Среди молодых литераторов, которым ещё предстояло играть в российской словесности важнейшую роль, были и представители второго поколения славянофилов («Через молодого Калайдовича я познакомился с его друзьями: Константином и Иваном Аксаковыми»), и уже влиятельный молодой критик из западнического лагеря: «Однажды Ратынский[14], пришедши к нам, заявил, что критик Отечественных Записок Васил[ий] Петров[ич] Боткин желает со мной познакомиться и просил его, Ратынского привести меня». Можно сказать, что к началу 1841 года Фет был знаком со всей литературной Москвой. Благодаря «Лирическому Пантеону» расширился и круг поклонников его творчества в университете.
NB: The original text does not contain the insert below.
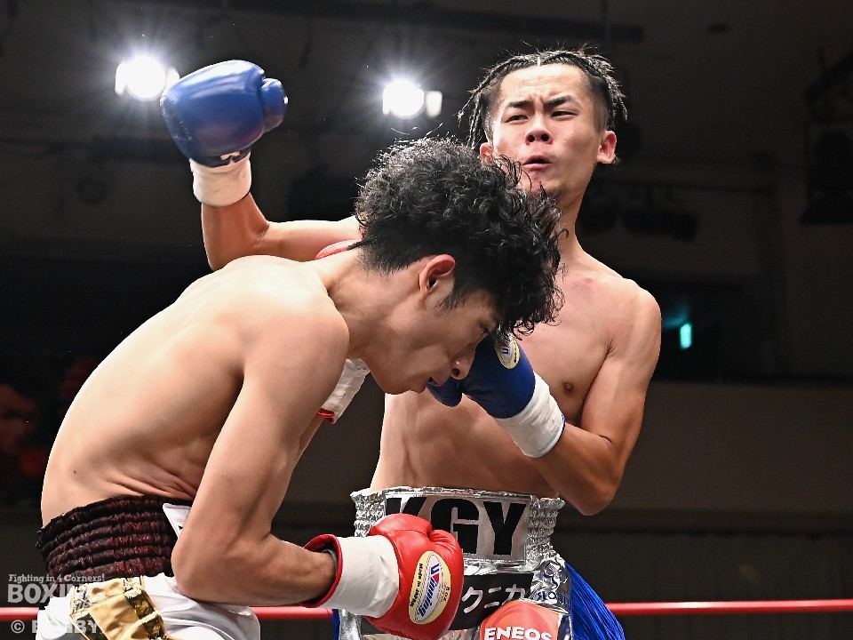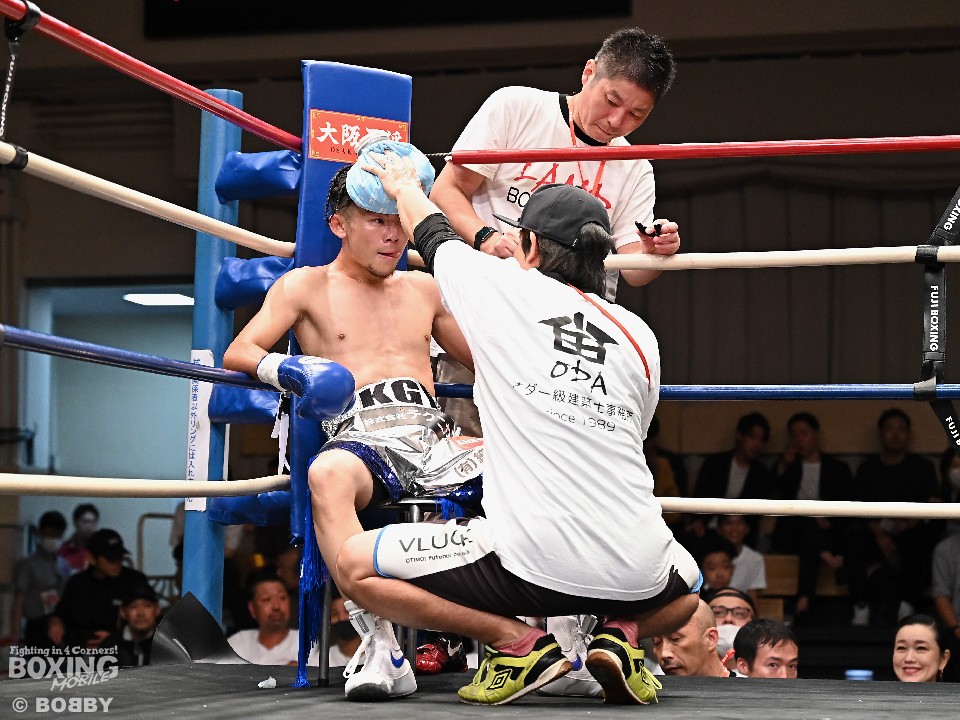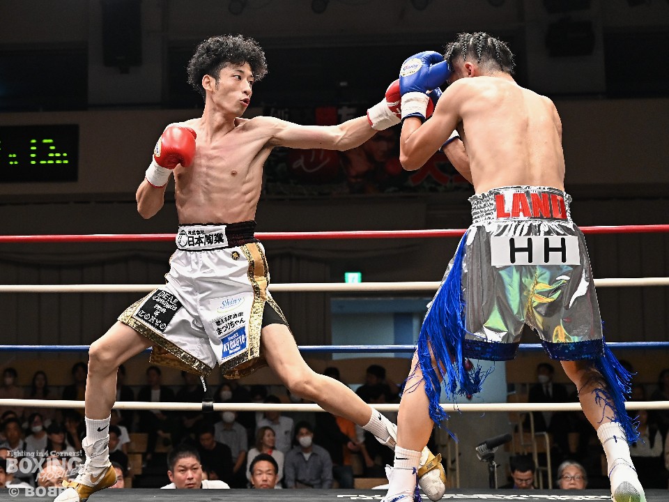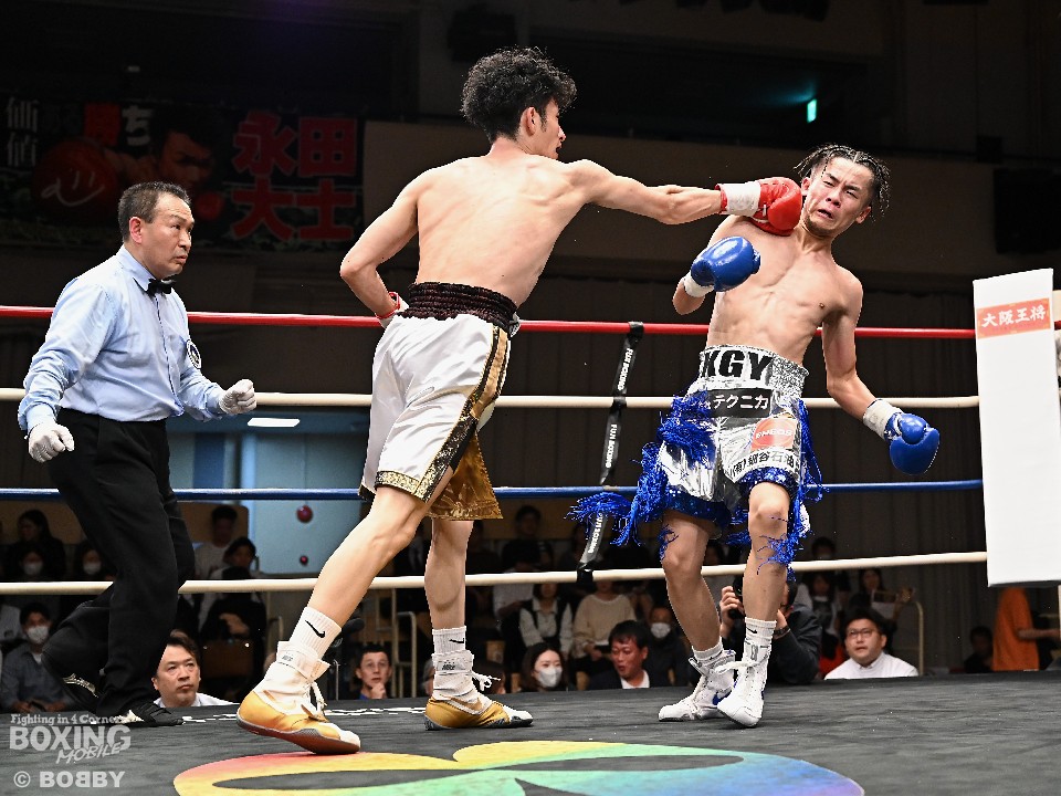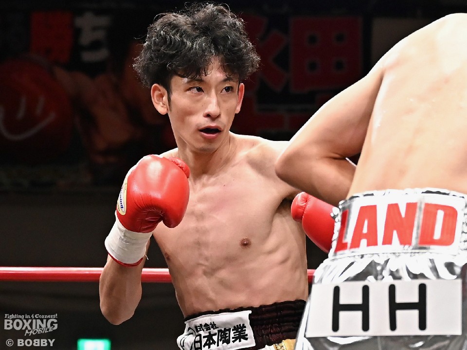 試合:加賀谷が距離を詰めながら左ボディから仕掛けるのに対し、佐藤はジャブからタイミングを図るとワンツーを好打。足を使いながら軽快な動きを見せた。2回、佐藤は右アッパーで迎え撃つとワンツーで突き放しペースを維持。打ち合いに持ち込みたい加賀谷だが思い通りの展開を作れず。それでも積極的な攻撃を繰り広げた。4回、加賀谷は右フックでガクッと腰を沈めさせて形勢逆転。パンチをまとめにいくが、あと一発を打ち込めず。ピンチの佐藤は左フックを返して試合終了のゴングを聞いた。ジャッジ2者が引き分けとしたため勝敗がつかなかった。

В их число вошёл профессор Степан Петрович Шевырев, чей замечательный курс истории российской словесности, один из немногих, по-настоящему занимал нерадивого студента. «Не могу в настоящую минуту припомнить, каким образом я в первый раз вошёл в гостиную профессора истории словесности Шевырева. Он отнёсся с великим участием к моим стихотворным трудам и снисходительно проводил за чаем по часу и по два в литературных со мною беседах. Эти беседы меня занимали, оживляли и вдохновляли. Я чувствовал, что добрый Степан Петрович относился к моей сыновней привязанности с истинно-отеческим расположением»165, — сообщает Фет в мемуарах.
Самым важным последствием этого растущего признания в кругу профессиональных литераторов и ценителей литературы стало, конечно, то, что относительная неудача первой книги не обескуражила дебютанта и не заставила усомниться и в своём призвании, и в правильности выбора поэтического направления. Он продолжил сочинять с едва ли не большим энтузиазмом.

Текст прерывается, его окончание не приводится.